By: Derek Kraan / 2020-12-03

It’s not every day that you get to contribute a PR to a well-used library that improves its performance under common circumstances by 100% to 300+%. This week it was my turn! This blog post will cover these recent improvements.

Lies, damn lies, and benchmarks

Last week I got called in to debug some performance issues for one of our clients. We looked under every rock for an answer, and after a week of debugging, and fixing multiple tangentially related issues, we realized that there was likely something funny going on in EventStore. For reasons unclear to us, it looked like there was sometimes a lot of waiting happening while inserting new events into the database. Our analysis identified the UPDATE lock on the $all stream as the likely suspect, but investigation again hit a dead end when we asked the author of the library how many events per second the event store should be able to handle. Basically, his answer was: orders of magnitude more than what we were doing even during peak times.

Something still seemed fishy though, so I dove further into the EventStore code to figure out exactly what was happening when an event gets added to the event store. The basic sequence looks like this:

  1. BEGIN
  2. INSERT INTO events ...
  3. UPDATE streams SET stream_version = $1 WHERE stream_id = $2 ...; INSERT INTO stream_events ...
  4. UPDATE streams SET stream_version = $1 WHERE stream_id = 0 ...; INSERT INTO stream_events ...
  5. COMMIT

This doesn’t look super suspicous at first glance, but look carefully at #4. The UPDATE query on streams where stream_id = 0 is acquiring an exclusive update row lock on this particular row.

Backing up a step, EventStore works with the concept of “streams”. Roughly speaking, each “entity” in your system will have one “stream”, but there is also the $all stream, with stream_id = 0, that every event gets linked in to, sequentially. Linking the events into the $all stream is what is happening at step 4, and it is this operation that is a potential choke-point for the system.

So back to the row lock, it is only released once the transaction has been committed, and the structure of this sequence means that there is a single network round trip from the DB to the application server and back before COMMIT happens. This imposes a theoretical global limit on the throughput of appending events to the event store, related to the network latency between the application and DB server. If latency is only 5ms, we are limited to 200 batches per second. If network performance is degraded to the point that latency goes up to 100ms, then you can only get 10 batches of events appended to the DB per second. This has the potential to render a service completely unusable.

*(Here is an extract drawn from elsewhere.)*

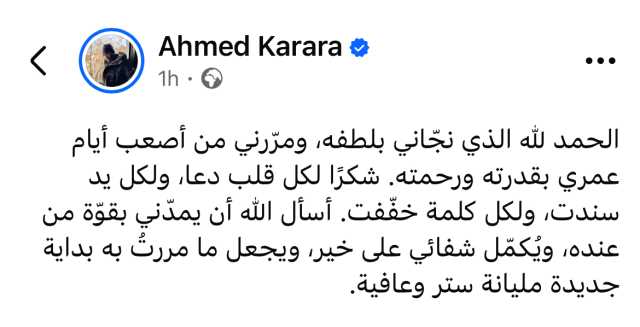 وقال أحمد كرارة في منشور عبر فيسبوك: الحمد لله الذي نجّاني بلطفه، ومرّرني من أصعب أيام عمري بقدرته ورحمته. شكرًا لكل قلب دعا، ولكل يد سندت، ولكل كلمة خفّفت. أسأل الله أن يمدّني بقوّة من عنده، ويُكمّل شفائي على خير، ويجعل ما مررتُ به بداية جديدة مليانة ستر وعافية.
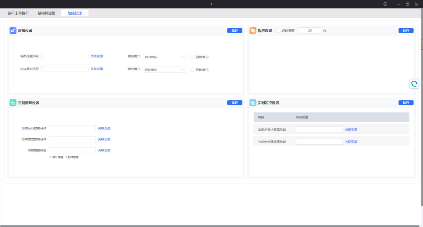 • 当前完成故障名称:当前完成处理的故障名称,关联字符串类型变量,系统会将触发完成处理的故障名称写入该变量,通过组态,现场操作人员能够核对已完成的任务。

Timetable graph showing network requests between application server and EventStore

The first fallacy of distributed computing is the network is reliable, and the second one is latency is zero, but when we run benchmarks, we typically do this on a single machine (our development machine), where latency is for all intents and purposes 0. The earlier benchmarks were lying to us.

The fix

Once you have identified the problem, the fix is conceptually simple: bundle the queries into one big one and send it to Postgres all at once. This avoids the network round trip between locking the $all stream, and releasing the lock, breaking the relationship between DB latency and DB throughput.

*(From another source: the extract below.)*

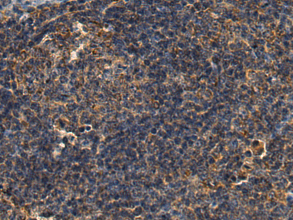 The image is immunohistochemistry of paraffin-embedded Human tonsil tissue using P03427(MRPS31 Antibody) at dilution 1/140. (Original magnification: ×200) |

Benchmarking the PR to confirm

It’s always good to benchmark our changes, especially when we are specifically looking to improve performance. In order to benchmark this, however, I needed to be able to control the latency between the application (in this case the script running my benchmarks) and the database server. Running the benchmarks on real hardware is one option, but it’s hard to actually control the latency in such a case. I googled around a bit and found this blog post which does a pretty good job of describing how to do this with docker. I’m going to distill the important bits and present them here.

The basic idea is to install a package, iproute2, in the docker container of our database, and then use the included tc utility to add however much latency we want.

I started with a super simple Dockerfile:

FROM postgres:12
RUN apt-get update
RUN apt-get install iproute2 --yes

When the container is running, run the following command to add latency (in my case I’m using docker-compose): docker-compose exec [container_name] tc qdisc add dev eth0 root netem delay 5ms

Confirm that latency is what you expect it to be using ping. You can get the ip address of a docker container as follows: docker inspect -f '{{range.NetworkSettings.Networks}}{{.IPAddress}}{{end}}' [container_name]

Note: you must restart the container if you wish to set a different latency.

Benchmark results

I ran a large number of benchmarks, each inserting a single batch of events into 80 streams. These 80 streams were divided among a number of processes simultaneously inserting events, but the unit workload (# of event batches inserted per test run) remained the same. The following parameters were varied:

Looking at 40 simultaneous workers, because that is the case that most closely resembles production loads, the overall results showed that for inserting events in batches of 100, at network latency >=5ms, the PR changes were faster, increasing to 5.3X faster at 50ms latency.

Inserting events in batches of 5, the results were even more dramatic, with the PR changes being 1.9X faster at 1.5ms latency (which is a common, everyday DB latency), up to 6.1X faster at 10ms of latency to the DB. I would expect this trend to continue as DB latency increased, owing to the theoretical limit identified above.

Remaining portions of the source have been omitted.